= Preston Rural District =

Former local government area in Lancashire, England

Preston was a rural district in Lancashire, England from 1894 to 1974. It surrounded Preston to the north, west and east.

The district was created under the Local Government Act 1894. It was abolished in 1974 under the Local Government Act 1972 and its area split between the new districts of South Ribble, Preston and Ribble Valley.

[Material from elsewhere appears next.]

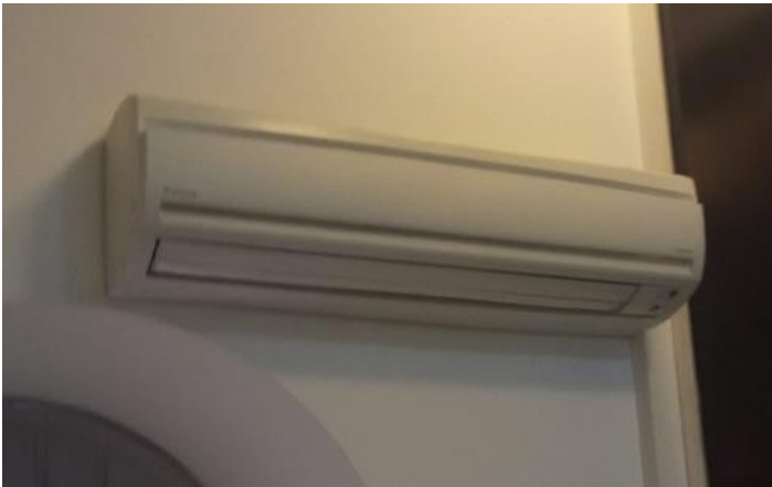
1. Klima uređaj Daikin FTX 50

It contained the following parishes:

- Barton, Broughton, Elston (until 1934 when merged into Grimsargh), Goosnargh, Grimsargh-with-Brockholes (until 1934 when merged into Grimsargh), Grimsargh (from 1934), Haighton, Lea Ashton Ingol and Cottam (until 1934 when split into Lea, Fulwood Urban District and the County Borough of Preston), Lea (from 1934), Whittingham and Woodplumpton which were all transferred to the Borough of Preston in 1974
- Dutton, Hothersall and Ribchester which were all transferred to Ribble Valley in 1974
- Cuerdale, Farington, Howick (until 1934 when merged into Penwortham), Hutton, The Holme (until merged into Penwortham), Little Hoole, Longton, Much Hoole, Penwortham and Samlesbury which were all transferred to South Ribble in 1974
- Ribbleton (until 1934 when absorbed into the County Borough of Preston)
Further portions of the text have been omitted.